Task prompt:
Once the pictures are set aside, output all the records exactly.

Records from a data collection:
=== Begin Enclosure ===

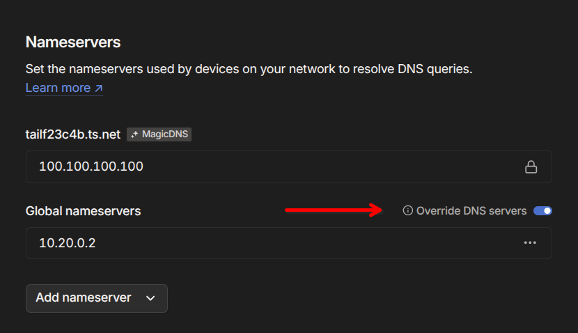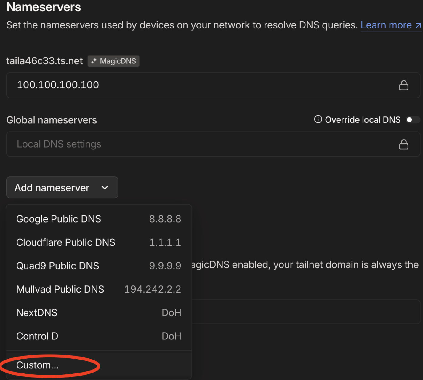 - Find the Nameservers section, click on "Add nameserver" and add a custom nameserver.
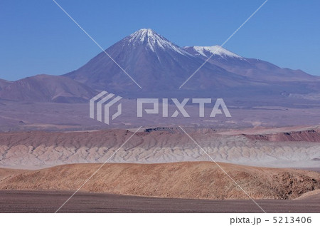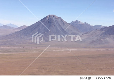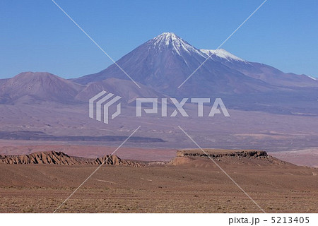 晴れわたる南米チリ北部のアタカマ砂漠から望むリカンカブール火山とアンデスの山並み
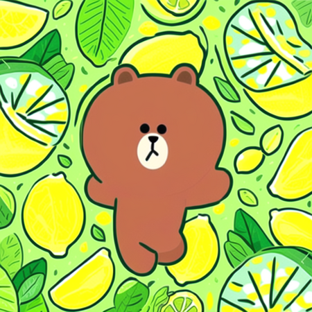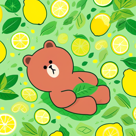 Промпт: a photo collage in SPRINGLINEFRIENDS style, one cute brown bear smiling, playful, lying on green grass, surrounded by bright yellow lemons with leaves, soft pastel colors, spring vibes, kawaii atmosphere
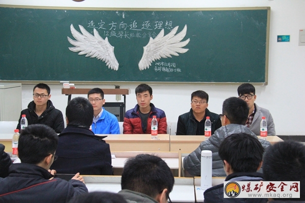 在班級團支書的主持下,交流會正式開始。5名發展方向不同的優秀學長分享了自己的求學經驗,並且向大家提出了合理的建議。他們告誡在座學生要認清自己、以學習為重點,確定自己的發展方向,並提前做好準備來增加自己的競爭力。同時,采礦卓越13-2班的同學們也根據自身情況主動向師兄們請教問題,得到了師兄們耐心的解答。
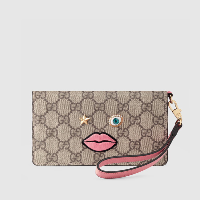 This iPhone 6 Plus case has five card slots and pocket for phone and is made in our GG Supreme canvas and has a star, eye and mouth appliqu茅 on the front which forms a face.

=== End Enclosure ===

Response:
 - Find the Nameservers section, click on "Add nameserver" and add a custom nameserver.
 晴れわたる南米チリ北部のアタカマ砂漠から望むリカンカブール火山とアンデスの山並み
 Промпт: a photo collage in SPRINGLINEFRIENDS style, one cute brown bear smiling, playful, lying on green grass, surrounded by bright yellow lemons with leaves, soft pastel colors, spring vibes, kawaii atmosphere
 在班級團支書的主持下,交流會正式開始。5名發展方向不同的優秀學長分享了自己的求學經驗,並且向大家提出了合理的建議。他們告誡在座學生要認清自己、以學習為重點,確定自己的發展方向,並提前做好準備來增加自己的競爭力。同時,采礦卓越13-2班的同學們也根據自身情況主動向師兄們請教問題,得到了師兄們耐心的解答。
 This iPhone 6 Plus case has five card slots and pocket for phone and is made in our GG Supreme canvas and has a star, eye and mouth appliqu茅 on the front which forms a face.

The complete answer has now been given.